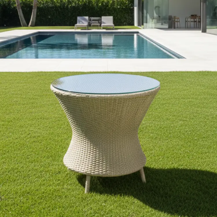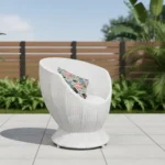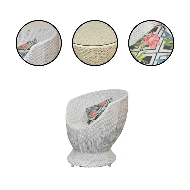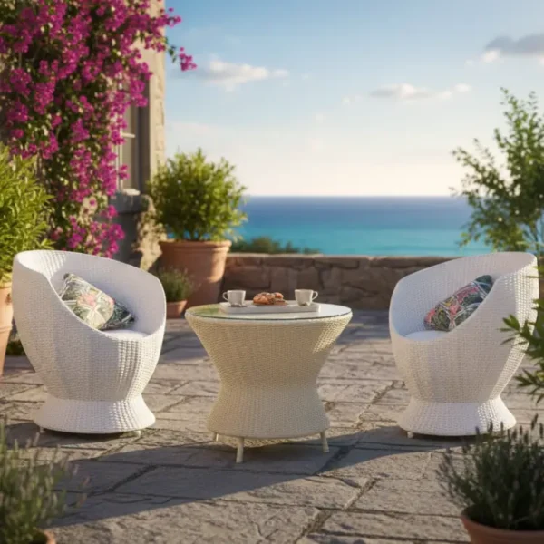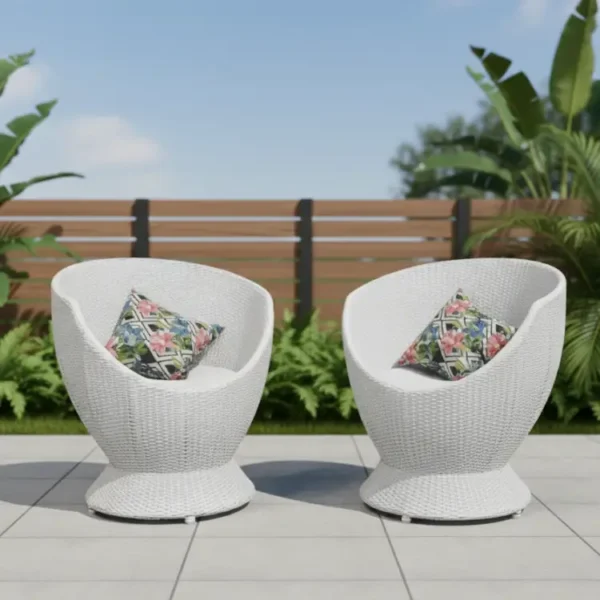 The Coastal Bloom Wicker Set includes white wicker chairs with floral cushions and a round table. Each chair costs ₹12,500, the table ₹13,000, and you can increase chair quantity to suit your outdoor seating needs.
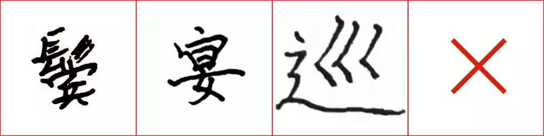 过犹不及,两种极端化处理都是不好的。要做到笔画均匀分布,空白大致相等。
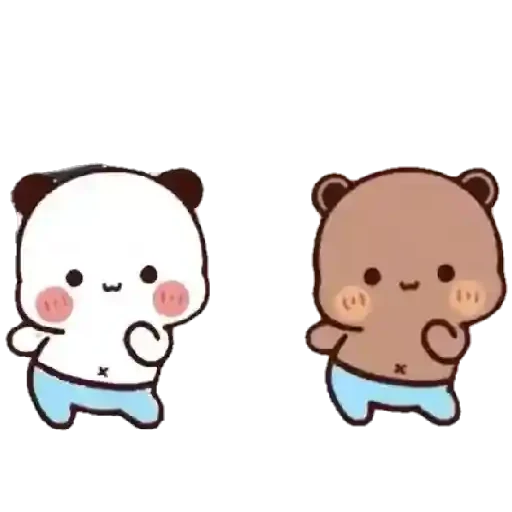 Dois ursinhos fofos, um branco e um marrom, com as mãos na frente do rosto e bochechas rosadas.

--- Your instructions ---
Each line of the data above should be reproduced without alteration, and no picture should appear in the copy.

--- Expected answer ---
 The Coastal Bloom Wicker Set includes white wicker chairs with floral cushions and a round table. Each chair costs ₹12,500, the table ₹13,000, and you can increase chair quantity to suit your outdoor seating needs.
 过犹不及,两种极端化处理都是不好的。要做到笔画均匀分布,空白大致相等。
 Dois ursinhos fofos, um branco e um marrom, com as mãos na frente do rosto e bochechas rosadas.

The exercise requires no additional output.